Kriteria kecukupan mensyaratkan bahwa tindakan yang diambil secara efektif sesuai untuk memperbaiki kerusakan kesehatan masyarakat atau untuk mengurangi kemungkinan memverifikasi risiko tersebut. Akhirnya, larangan ekses berarti bahwa pembatasan hak-hak dasar tidak mempengaruhi isi dasar hak-hak ini dan sebanding dengan kebutuhan dan kecukupan tindakan polisi sanitasi. Pada akhirnya, dalam situasi yang paling ekstrem, keadaan darurat dapat diberlakukan dan hak, kebebasan, dan jaminan dapat ditangguhkan, sesuai dengan Pasal 19 (3) Konstitusi, tetapi bahkan dalam konteks ini, pembatasan itu hanya dapat sebagian. . pelarangan ekses berarti bahwa pembatasan hak-hak dasar tidak mempengaruhi isi dasar hak-hak ini dan sebanding dengan kebutuhan dan kecukupan tindakan polisi sanitasi.

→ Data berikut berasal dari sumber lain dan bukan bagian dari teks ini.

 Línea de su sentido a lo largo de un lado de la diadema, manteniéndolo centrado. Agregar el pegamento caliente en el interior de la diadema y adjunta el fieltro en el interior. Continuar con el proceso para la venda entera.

Pada akhirnya, dalam situasi yang paling ekstrem, keadaan darurat dapat diberlakukan dan hak, kebebasan, dan jaminan dapat ditangguhkan, sesuai dengan Pasal 19 (3) Konstitusi, tetapi bahkan dalam konteks ini, pembatasan itu hanya dapat sebagian. . pelarangan ekses berarti bahwa pembatasan hak-hak dasar tidak mempengaruhi isi dasar hak-hak ini dan sebanding dengan kebutuhan dan kecukupan tindakan polisi sanitasi. Pada akhirnya, dalam situasi yang paling ekstrem, keadaan darurat dapat diberlakukan dan hak, kebebasan, dan jaminan dapat ditangguhkan, sesuai dengan Pasal 19 (3) Konstitusi, tetapi bahkan dalam konteks ini, pembatasan itu hanya dapat sebagian. .

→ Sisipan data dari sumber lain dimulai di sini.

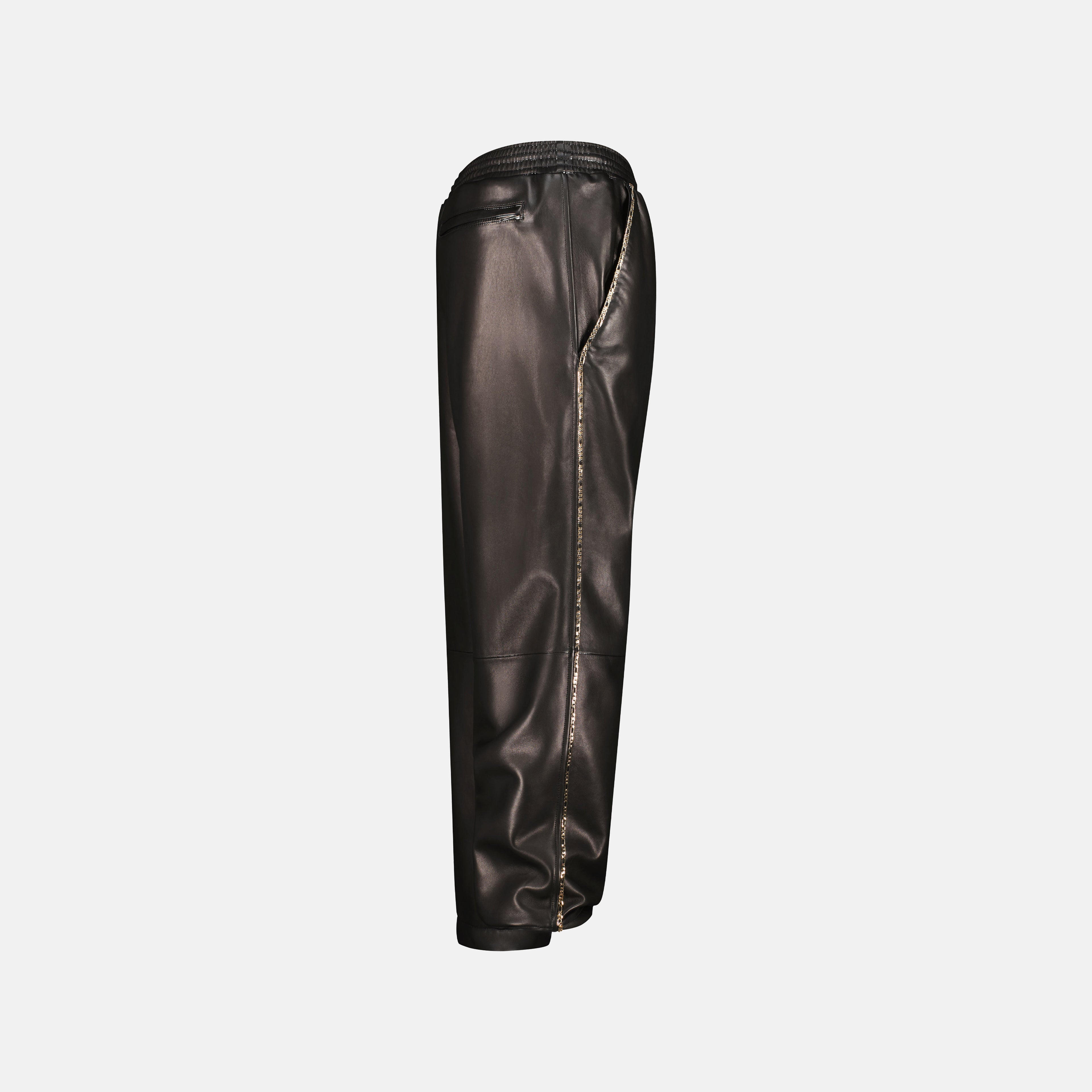 Pantalon de survêtement en cuir d’agneau plongé avec passepoil chaine dorée au côté et poches latérales, ceinture éla...

Dalam sikap yang sangat bertanggung jawab, orang Portugis yang dipindahkan dari Wuhan memilih karantina sukarela, yang disambut baik. Susan Sontag menulis bahwa “penyakit adalah sisi gelap kehidupan, kewarganegaraan yang sangat berat. Saat lahir, kita semua memperoleh kewarganegaraan ganda: yaitu bidang kesehatan dan penyakit. Dan meskipun kita semua lebih suka menggunakan paspor yang baik, cepat atau lambat, kita masing-masing berkewajiban, meskipun hanya sesaat, untuk mengidentifikasi dirinya sebagai warga negara dari daerah lain ”. Justru karena kita tahu bahwa kita semua berutang solidaritas dan dukungan kepada siapa pun yang terkena penyakit ini, dan tindakan polisi kesehatan apa pun harus selalu menghormati hak pasien.